Stephan Müller (born 7 July 1951) is a Swiss theatre and opera director, dramaturge and a teacher of multimedia Aesthetics.

==Life==
Stephan Müller was born at Oberbuchsiten (SO). His theatre career began in 1972 at the Theater Basel, then under Werner Düggelin and Hermann Beil. Müller was employed as an extra and assistant production director, later becoming the chief dramaturge. In 1975 he relocated to the United States where he worked for several years. Those with whom he worked there included Robert Wilson, Meredith Monk, Lee Breuer and Richard Foreman: he also worked with the avant-garde Mabou Mines theatre company. He himself was a co-founder of the "Red Wing/Mixed" group which existed in New York City between 1976 and 1980.

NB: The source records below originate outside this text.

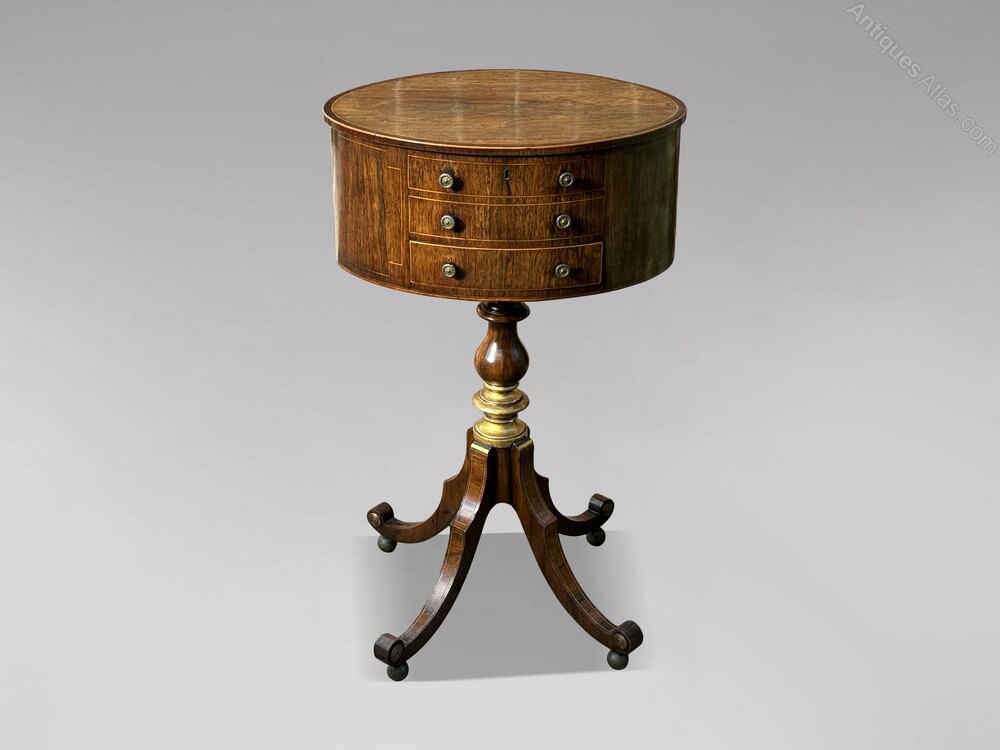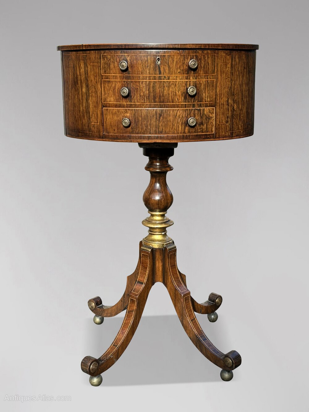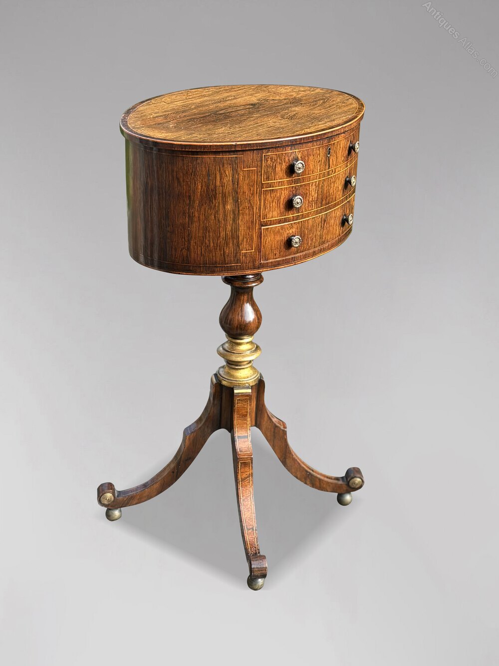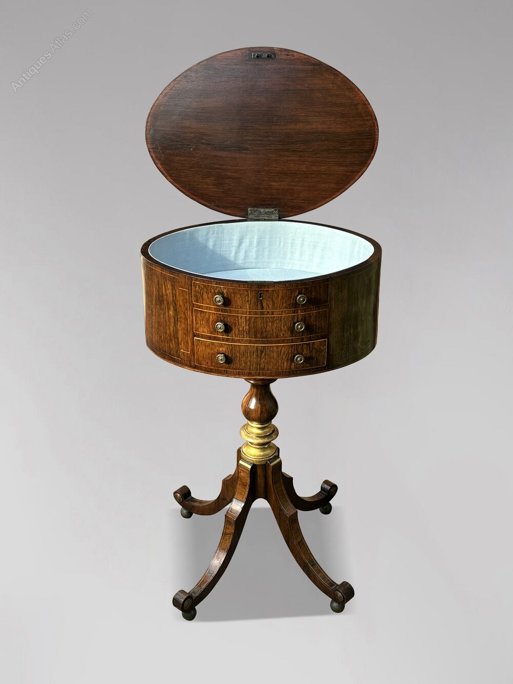 This exquisite occasional table from the early 19th century Regency Period showcases the elegance and craftsmanship characteristic of its time. It features a beautifully designed oval revolving top, cross-banded in rosewood, which is complemented by two dummy drawers and one working drawer adorned with turned brass handles. Lifting the top reveals a luxurious light blue silk cotton compartment, making it both functional and stylish.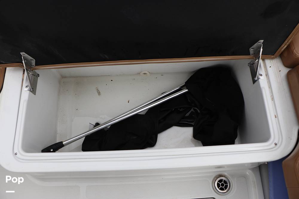 Roomy layout! There is plenty of room for the whole crew. There is lots of comfortable seating and storage and a sizeable bimini top to shade from the elements. The interior of this boat is roomy and very comfortable thanks to the generous amount of cushion and the premium upholstery and materials used by Crownline.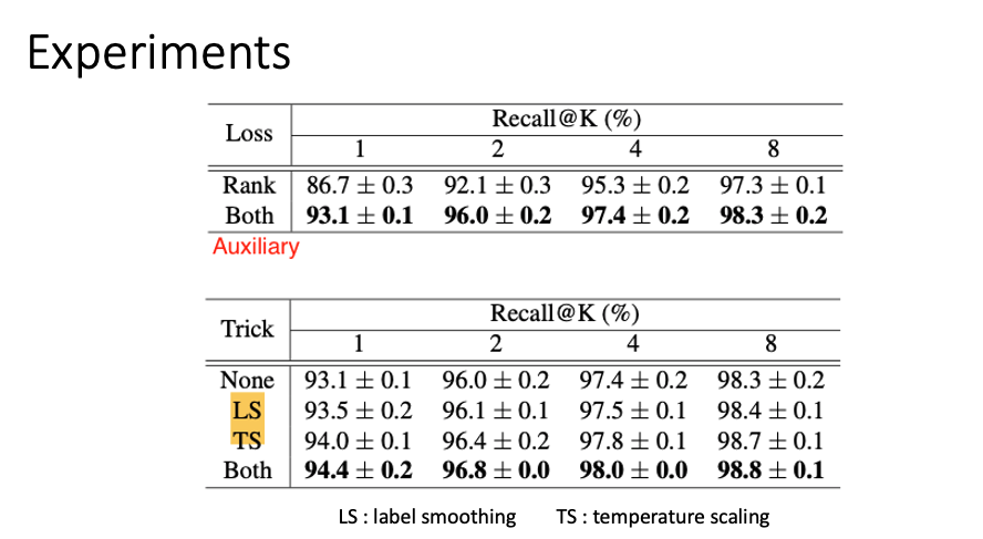 auxiliary module에서는 첫번째 global descriptor를 이용해 classification loss를 구한다. 이때 temperature scaling과 label smoothing을 적용한다.

Returning to Switzerland, in 1978 he took a job at the Zürich Playhouse where he led the "Labor im Schauspielhaus" series. Between 1980 and 1988 he worked as a freelance play director in Cologne, Düsseldorf, Tübingen, Basel, Nuremberg, Frankfurt, Hamburg (Kampnagel), San Francisco and New York (Public Theatre). During this period he also worked regularly as a guest lecturer at the Berlin University of the Arts.

In 1988 he returned to the Theater Basel where by now Frank Baumbauer had taken over. Between 1993 and 1999, jointly with Volker Hesse, Müller took charge at the Theater am Neumarkt ("New Market Theatre") in Zürich. During this period the theatre's productions were particularly well regarded in German-speaking parts of Europe. Between 1999 and 2004 he worked at the Burgtheater in Vienna as a drama director and dramaturge. More recently he has been heading up the Master of Arts theatre production degree course at the Zurich University of the Arts, while also working as a freelance drama director.